Whisper Translation failure

I did a test where I uploaded audio I recorded in Spanish, asked it to be translated (into English), and it just came back as transcribed. Here’s the verbose_json response:

{"task":"translate","language":"english","duration":6.57,"segments":[{"id":0,"seek":0,"start":0.0,"end":7.0,"text":" Hola! ¿Cómo estás? Eso es algo en español.","tokens":[50364,22637,0,3841,28342,24389,30,27795,785,8655,465,31177,13,50714],"temperature":0.5,"avg_logprob":-0.6253014246622721,"compression_ratio":0.84,"no_speech_prob":0.07229530811309814,"transient":false}],"text":"Hola! ¿Cómo estás? Eso es algo en español."}

As you can see, it correctly transcribed the audio in Spanish, but no translation occurred.

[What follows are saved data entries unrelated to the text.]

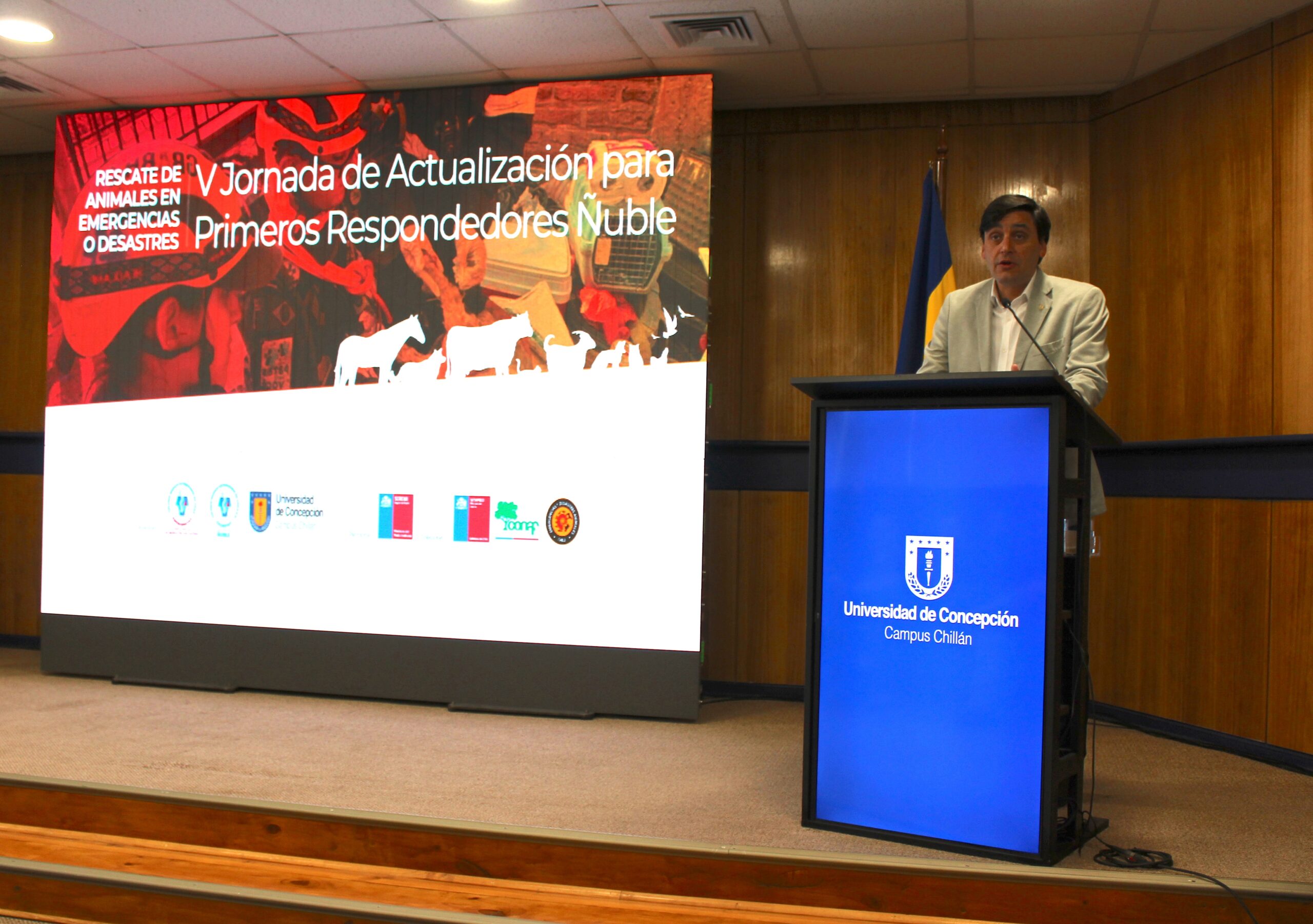 En el auditorio José Suárez Fanjul de la Universidad de Concepción Campus Chillán se reunieron equipos de primera respuesta, Bomberos, Carabineros, Fuerzas Armadas, Brigadistas, equipos municipales, académicos, profesionales, voluntarios, ONG y estudiantes, para abordar un desafío técnico, ético y también profundamente humano, como lo es el rescate animal ante emergencias o desastres.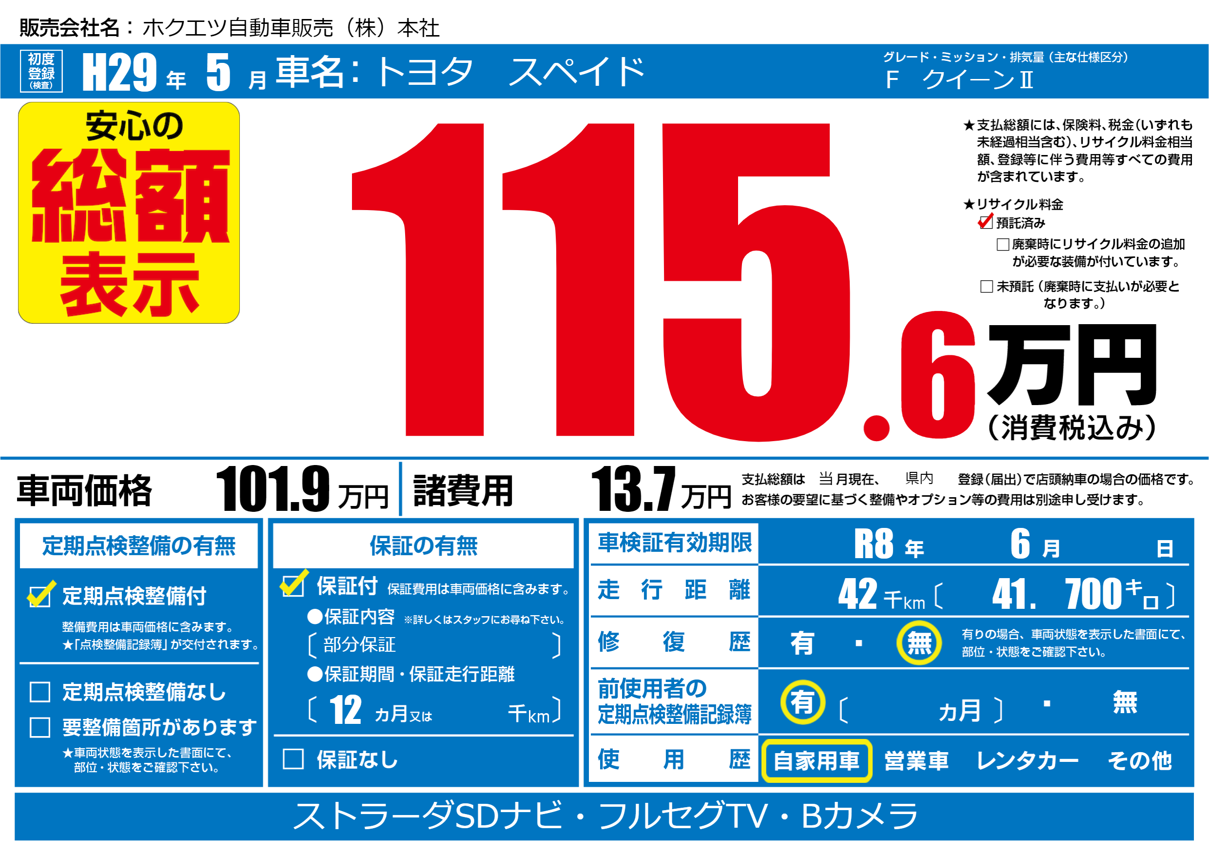 | 車名 | トヨタ スペイド | グレード ミッション 排気量 |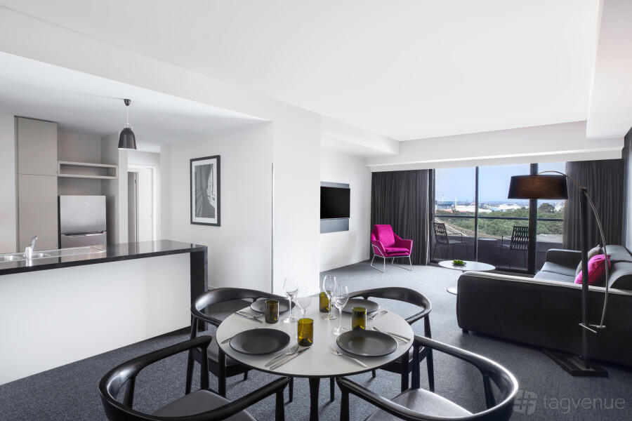 Spacious rooms cater to business and leisure travelers with daily service, air-conditioning, full kitchen and laundry facilities, Foxtel TV, and internet. Some apartments have private balconies with views of the city or Melbourne Botanical Gardens. Options include a One Bedroom Spa Apartment with a two-person spa bath or a Premium Two Bedroom Corner Apartment with views of the Arts Centre spire.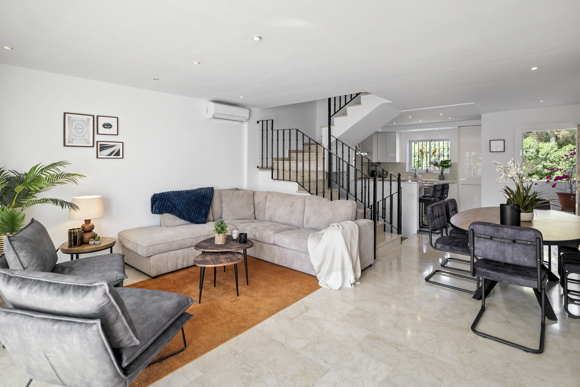 Entdecken Sie die perfekte Kombination aus modernem Komfort und mediterranem Lebensstil in diesem atemberaubenden Reihenhaus mit 4 Schlafzimmern und 3 Badezimmern in der exklusiven Urbanisation La Finca Marbella.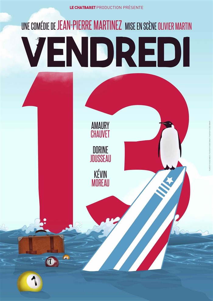 Mais Patrick arrive seul, effondré. Il vient d'apprendre que l'avion qui ramenait sa femme de Paris s'est crashé en mer. Suspendu aux nouvelles avec le veuf potentiel pour savoir si sa femme fait partie ou non des survivants, le couple apprend qu'il vient de gagner au super tirage du loto de ce vendredi 13. Le mot d'ordre est dès lors "cache ta joie"... De nombreux rebondissements sont à prévoir au cours de cette soirée qui s'annonce pleine de turbulences ! Une comédie au succès planétaire, jouée dans plus d'une dizaine de langues. Avec Amaury Chauvet, Dorine Jousseau et Kévin Moreau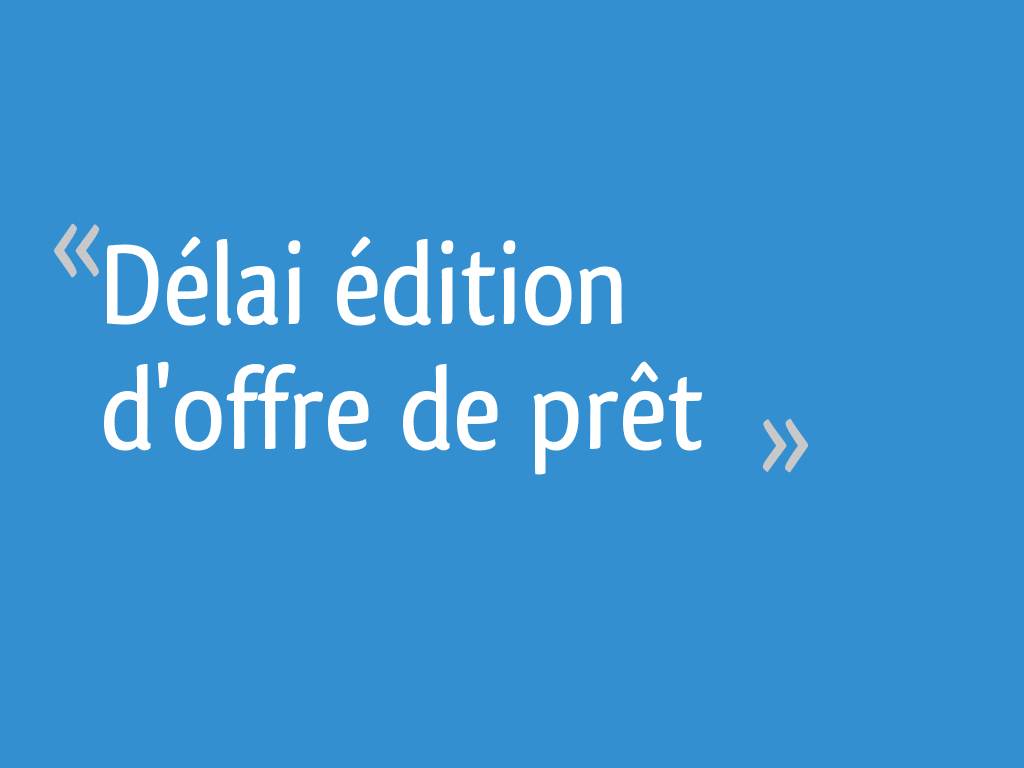 Offre de pret delai. Renvoi de loffre de prêt. Les candidats à lachat dun logement qui souhaitent financer en tout ou partie leur acquisition par un prêt immobilier disposent dun délai minimal de réflexion de dix jours pour examiner loffre de prêt transmise par la banque. à partir du 11ème jour vous êtes en droit daccepter ou de refuser loffre auprès de votre établissement de crédit. Loffre de contrat de crédit immobilier est adressée par la banque gratuitement à lemprunteur sur papier envoi postal par lettre recommandée avec avis de réception le plus souvent ou sur un autre support durableelle ne doit pas être remise de la main à la main. Elle vous permet de connaitre combien coûte le crédit puisquelle vous indiquera notamment la somme totale des intérêts du prêt. Avant daccepter loffre vous devrez respecter un délai de réflexion incompressible.

I attempted to set the language field to "es" to encourage it to assume the source is in Spanish, and it just output an error saying that the only legal value is "en". This seems counter to how language is used in transcriptions, where it is describing the source audio.

Any thoughts?

I saw the same thing. Just let it transcribe into words (in Spanish), and then take the words and transcribe to English.

Maybe there’s a better route, but with Whisper’s built-in language detection, this was the easiest.

Hah, right. I added “From Spanish” as the prompt text, and now it translates.

Right, but if you don’t know. Then your pipeline would look like “translate” → “native text” → “autodetect language” → “English text if not English”

Yeah, it would have to be something like that, I imagine.

1 Like